Началом были трёхсуточные командировки в безлюдье и безнадёгу, сопровождение секретных грузов. Секретные грузы считались главнее меня, они существовали, а я функционировал, хотя мёрзли мы вместе, но им достаточно было существовать, чтоб я функционировал. И я едва не застрелил от неожиданности мужика, подобравшегося из пурги к поезду разжиться огоньком, — бог с тобой, сказал я себе. Мужик прикурил, расплавив льдинки на усах, а ведь если б ты меня убил, сказал мужик, ты всё равно отвертелся бы, вот ведь какое дело, такая дурацкая работа. Бог с тобой, сказал я себе, я бы отвертелся, если бы пристрелил этого мужика, попытка к нападению, обычное дело, выстрел в воздух, выстрел в голову, секретный груз.
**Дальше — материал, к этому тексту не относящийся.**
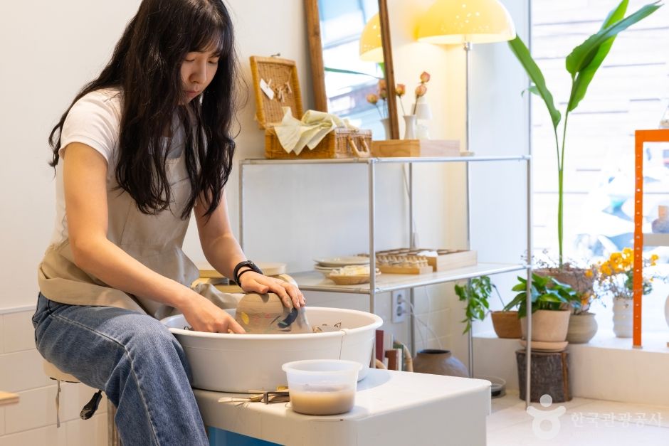 랩포터리 교육 과정은 원데이클래스와 정규반으로 나뉜다. 원데이클래스는 물레를 사용해 도자기를 빚는 ‘물레반’과 코일링 기법을 사용하는 ‘손성형반’으로 나뉘는데 최대 6명, 단체일 경우 15명까지 신청할 수 있다. 소요 시간은 약 1시간 30분이다. 초보자도 쉽게 따라 할 수 있도록 1:1로 지도하기 때문에 초등학생이나 어르신, 외국인이 수강하기에도 알맞다.

Ну ты смертник, сказал я мужику, ну ты смертник, он заржал, запрокинув голову, счастливым глупым ржанием, и я снова чуть его не пристрелил, но он вовремя сиганул обратно в пургу, оставив меня навсегда в ожидании смертника.
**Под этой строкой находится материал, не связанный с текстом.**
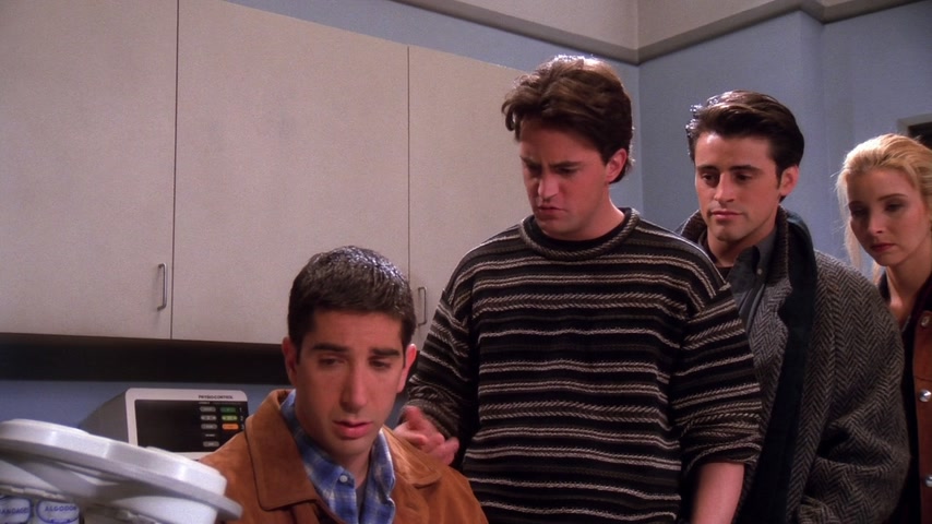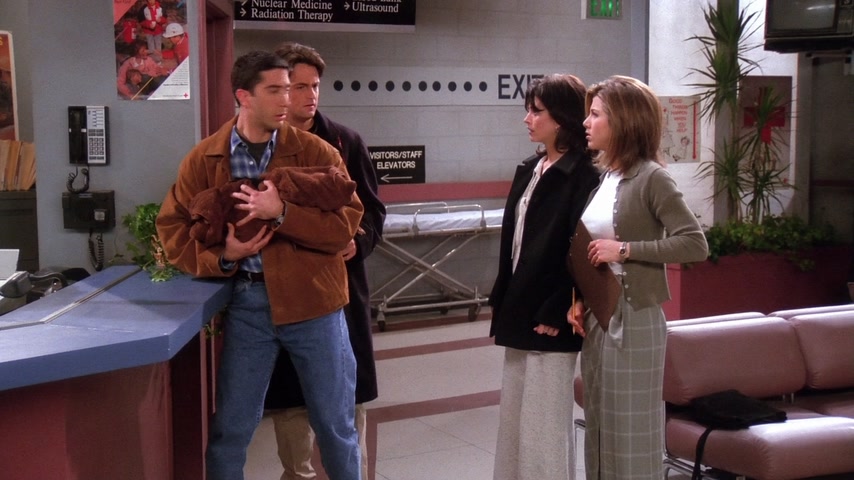 Моника приводит Рэйчел в больницу, похоже, что та растянула лодыжку. Девушки заполняют анкету и выясняется, что у Рэйчел нет медицинской страховки. Она просит Монику записать данные своей страховки. В палате Моника и Рэйчел знакомятся с красивыми докторами: Митчелом и Розеном, но им не сладко в общении, так как девушкам пришлось «поменяться личностями» из-за страховки. В кофейне Росс рассказывает парням свой сон: он играет в футбол, но вместо мяча — его будущий сын. Парни успокаивают Росса, утверждая, что он будет хорошим отцом. Джоуи хочет пригласить Урсулу в очень дорогой ресторан «Rainbow room» на её день рождения, Чендлер спрашивает, что на счёт Фиби, ведь у неё тоже день рождения (об этом Джоуи не подумал); он думает, что та должна его понять. Ребята устраивают вечеринку-сюрприз для Фиби. Они принимают Росса за именинницу, тот пугается и роняет именинный торт. Все рассматривают остатки от десерта и в это время заходит Фиби. Сюрприз не получился, но она все равно рада, однако расстраивается когда обнаруживает отсутствие Джоуи. Росс обедает со своим отцом в ресторане, он пытается понять, какого это быть отцом, и просит совета у своего. Тот рассказывает, что почувствовал себя отцом, когда Росс впервые схватил его за палец. Моника и Рэйчел ждут красивых докторов у себя в квартире: у них двойное свидание. Вечер идет наперекосяк, когда Моника хочет рассказать правду. Девушки начинают ссориться и высказывают своё мнение о недостатках друг друга, используя свои «фиктивные личности»: Моника начала с того, что сбежала из-под алтаря, затем, что она избалованная и в детстве писала в кровать, а Рэйчел с того, что ей нравится работать шеф-поваром, потому что можно покомандовать, что в школе она была очень толстой, и что она выставляет грудь, чтобы привлечь парней. Раздается спасительный для докторов телефонный звонок — это отец Рэйчел. Моника берет трубку и рассказывает, как она (т.е. Рэйчел) в школе спала с Билли Дрестоном пряма в родительской кровати. На следующий день девушкам звонят из регистратуры — в анкете ошибка. Рэйчел решает больше не мухлевать со страховкой. Они идут в больницу чтобы записать настоящие данные. Урсула динамит Джоуи, тот расстроен. Фиби решила поговорить с сестрой, она идет к ней на работу в кафе. В честь дня рождения, Фиби дарит сестре детский термос (такой же как тот, что она разбила в девстве), а Урсула дарит кофту, подаренную Джоуи. Урсула объясняет, что больше не хочет встречаться с Джоуи. Парни играют в эрудит, обсуждая отцовство Росса. Они обнаруживают, что Марсель проглотил одну из букв и мчатся в больницу. В той же больнице они встречают Монику и Рэйчел, но администратор не принимает животных, ведь это не ветеринария. Спасти питомца вызывается доктор Митчел. Фиби решает притвориться Урсулой и приглашает Джоуи в Центральную кофейню, чтобы расстаться. Джоуи в замешательстве, решает, что это из-за дружбы с Фиби, та соглашается с его теорией. На прощание Джоуи целует девушку и понимает, что это Фиби. Друзья мирятся. В больнице друзья переживают за Марселя. Чендлер утверждает, что Росс поступил очень по-отцовски — он спас своего подопечного. Марсель отходит от наркоза и хватает Росса за палец, тот радуется и приобретает уверенность. Все ребята в сборе в квартире Моники, они говорят по-испански и обсуждают уродливого голого мужика

Это было началом, а потом мой старый друг, старший прапорщик Ткачев, он был не дурак выпить, он мне сказал: Сережа, если тебе дали карабин, то поимей в виду, он обязательно выстрелит. Скотина Ткачев, ты мне накаркал декабрьский труп, звон в башке, кровавую дорожку по насту. Меня, правда, кровью не удивишь, еще чего, — тогда, на шоссе, жуткое дело, «дальнобойщик» сбил «Москвичонка», два мужика и три бабы, водитель стёр лицо об асфальт, метров шесть пропахал, одну мягкой частью подбородка швырнуло на угол двери, так и повисла, и обувь с ноги слетела, с мёртвых всегда обувь слетает… Что там творилось, даже матёрые шоферюги блевали, кто-то, толстенький такой, бегал и орал: они живы! они живы! Какое там живы, эта баба болтается на дверце, обувь слетела, я сразу всё понял, кровь пахла кровью, «дальнобойщик» сбил «Москвичонка». Не так-то просто вывести меня из равновесия, но все накаркал скотина Ткачев, старший прапорщик. И когда Маринка меня уговаривала: брось эту свою ВОХРу, посмотри, на что ты стал похож, я огрызался, я уже чувствовал смертника, я его, гада, зазывал, он, сука, бродил где-то возле моих поездов, он выжидал, он боялся карабина, а мне платили хорошую зарплату и давали отдохнуть неделю после трёхсуточной командировки, и смертник тоже отдыхал, а меня разбирала зависть: вохровец Серёжа продавливал прабабушкин бугорчатый диван в карликовой комнатке и слушал, как бухает семидесятилетняя соседка Груня, а этот хлыщ, посмотрев «видик», принимал контрастный душ и трахался с французскими духами, австрийской косметикой и чёрными чулками в сеточку, и меня разбирала зависть: ради всего этого стоило таиться в пурге, наблюдая за вохровцем Серёжей, мимо которого всё это проплывает под видом секретного груза.